Stored data:
■ ■ ■ ■

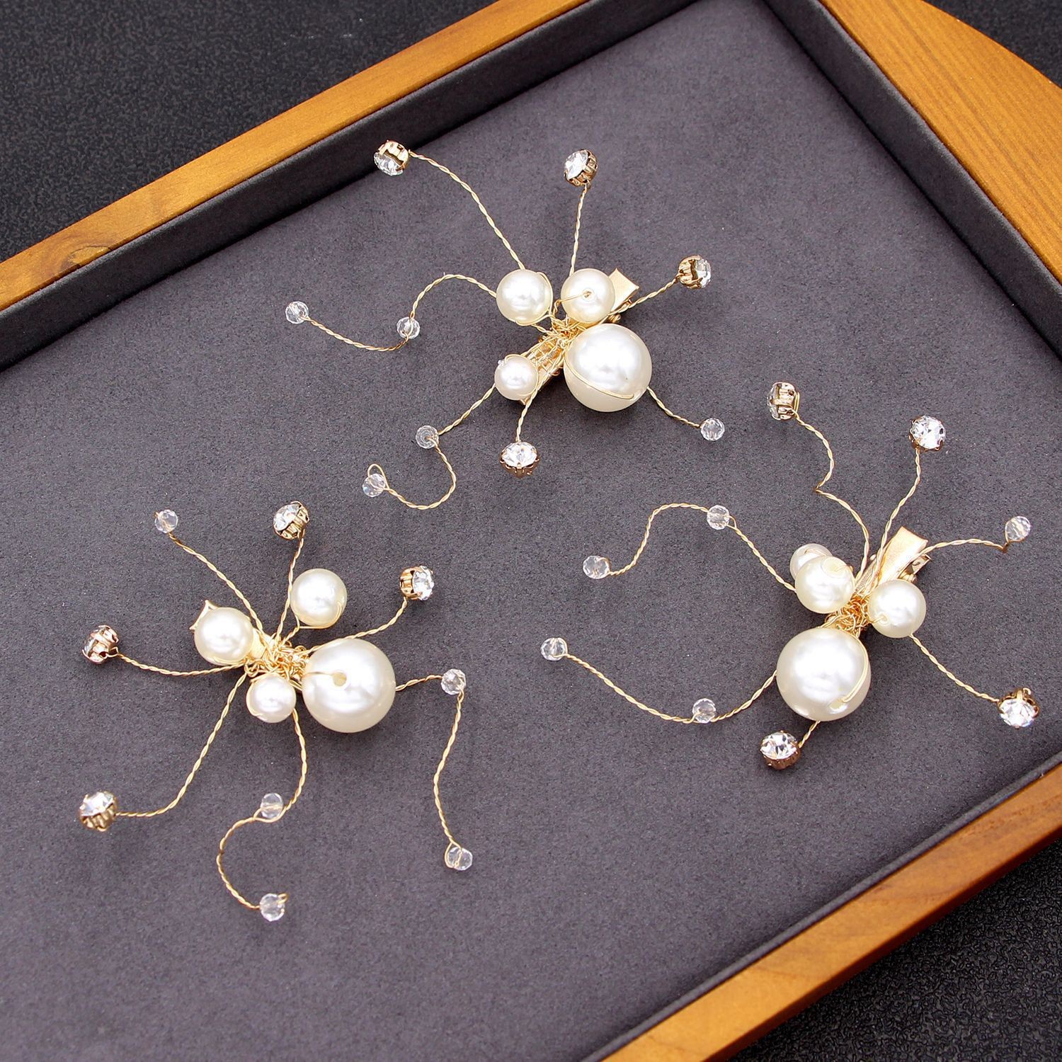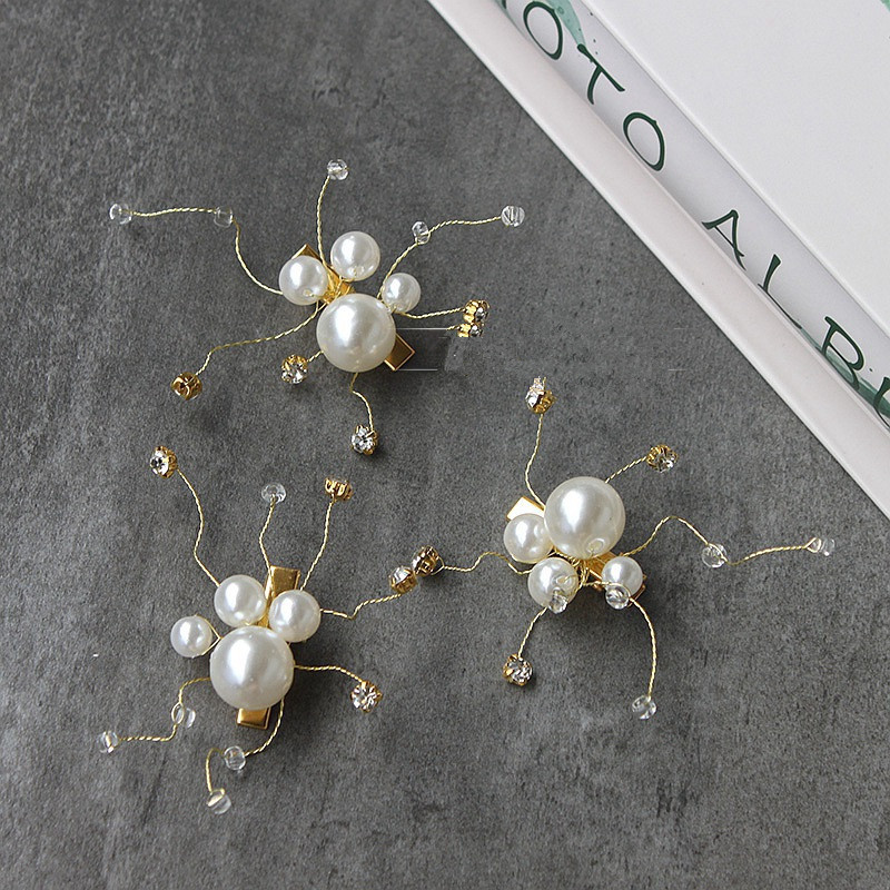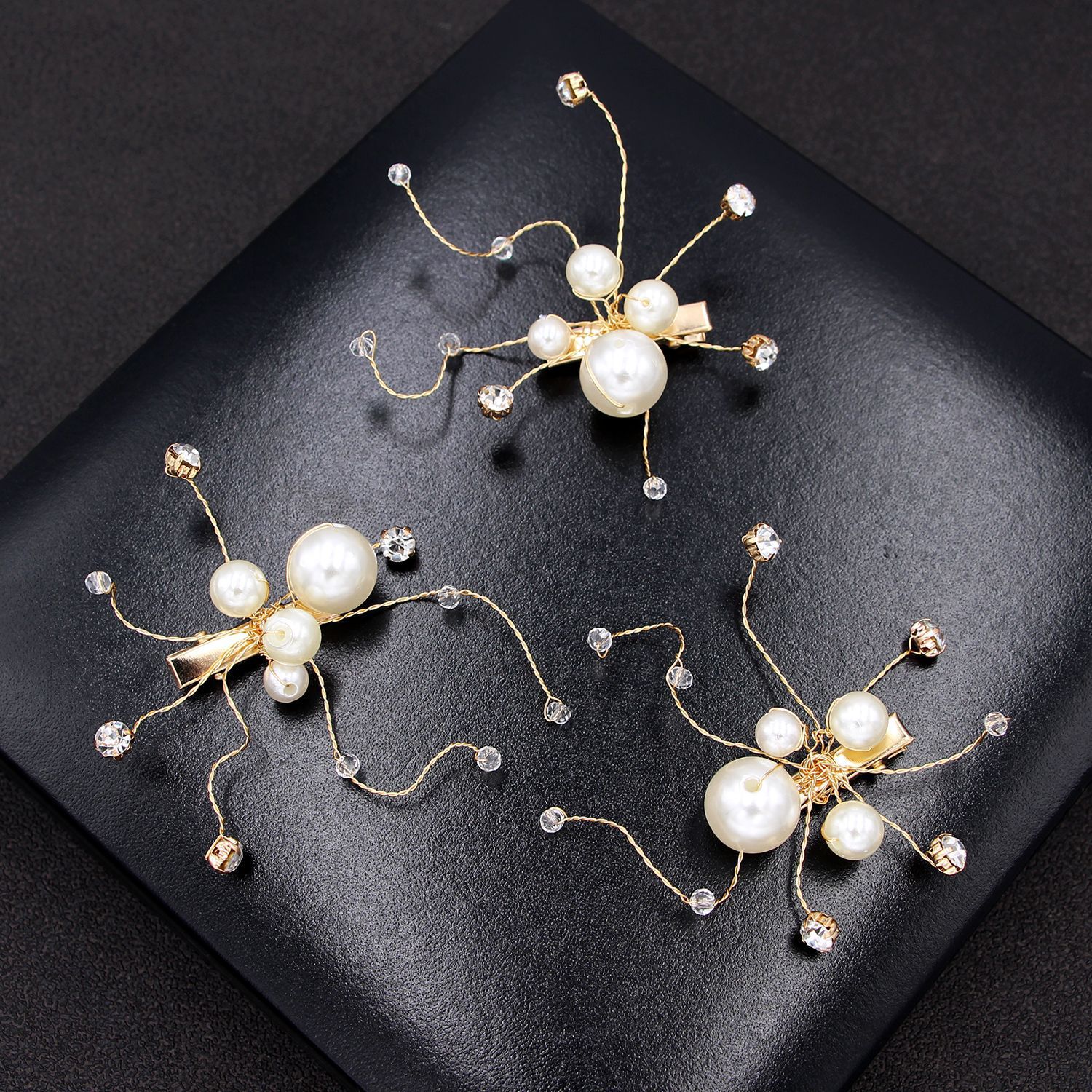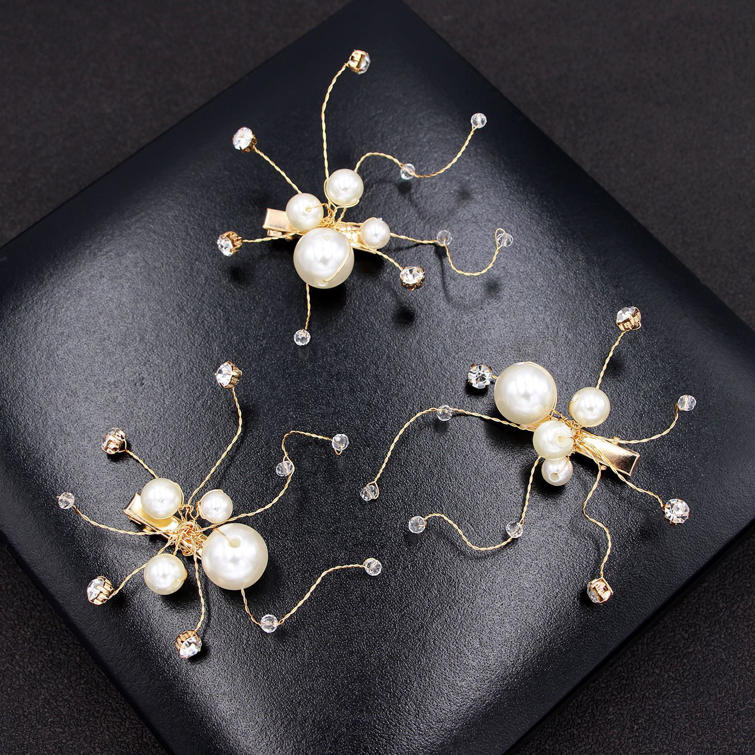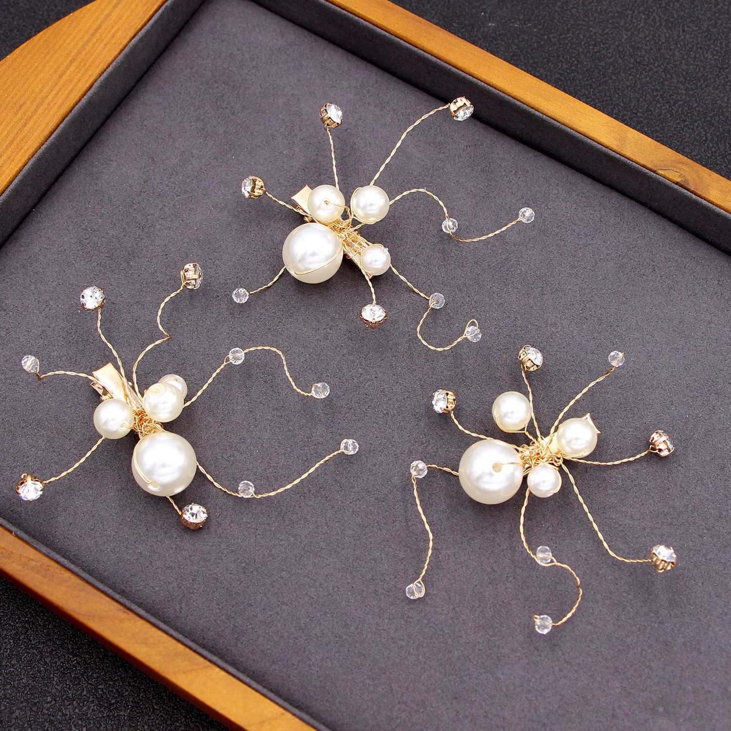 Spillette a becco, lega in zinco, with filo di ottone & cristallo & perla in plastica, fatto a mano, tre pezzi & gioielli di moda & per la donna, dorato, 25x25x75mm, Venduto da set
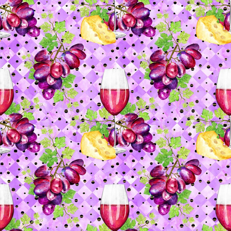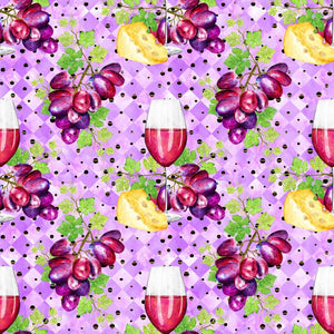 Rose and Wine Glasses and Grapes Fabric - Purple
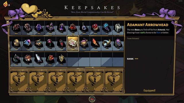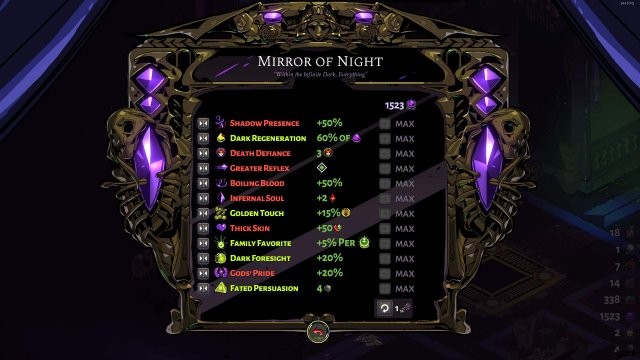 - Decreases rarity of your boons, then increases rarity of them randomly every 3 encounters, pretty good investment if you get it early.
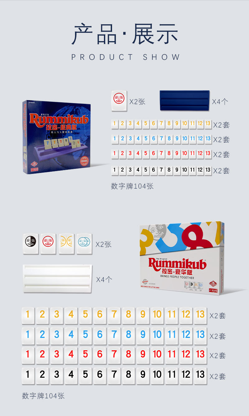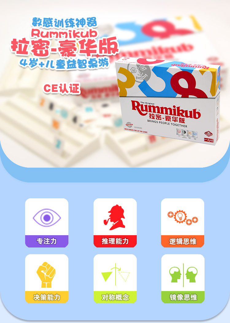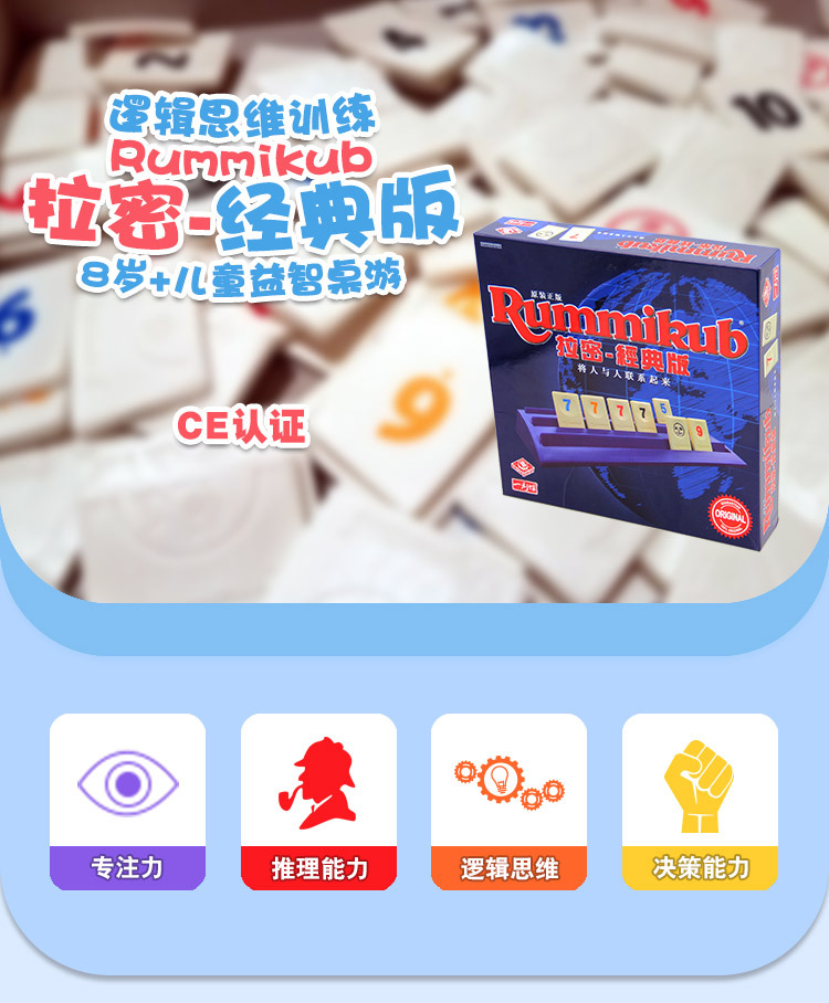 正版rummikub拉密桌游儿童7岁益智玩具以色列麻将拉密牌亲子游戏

■ ■ ■ ■

What to do:
Restate word for word each line from the top of the listing down to and including the line that holds "Rose and Wine". Drop any pictures.

Completed task:
 Spillette a becco, lega in zinco, with filo di ottone & cristallo & perla in plastica, fatto a mano, tre pezzi & gioielli di moda & per la donna, dorato, 25x25x75mm, Venduto da set
 Rose and Wine Glasses and Grapes Fabric - Purple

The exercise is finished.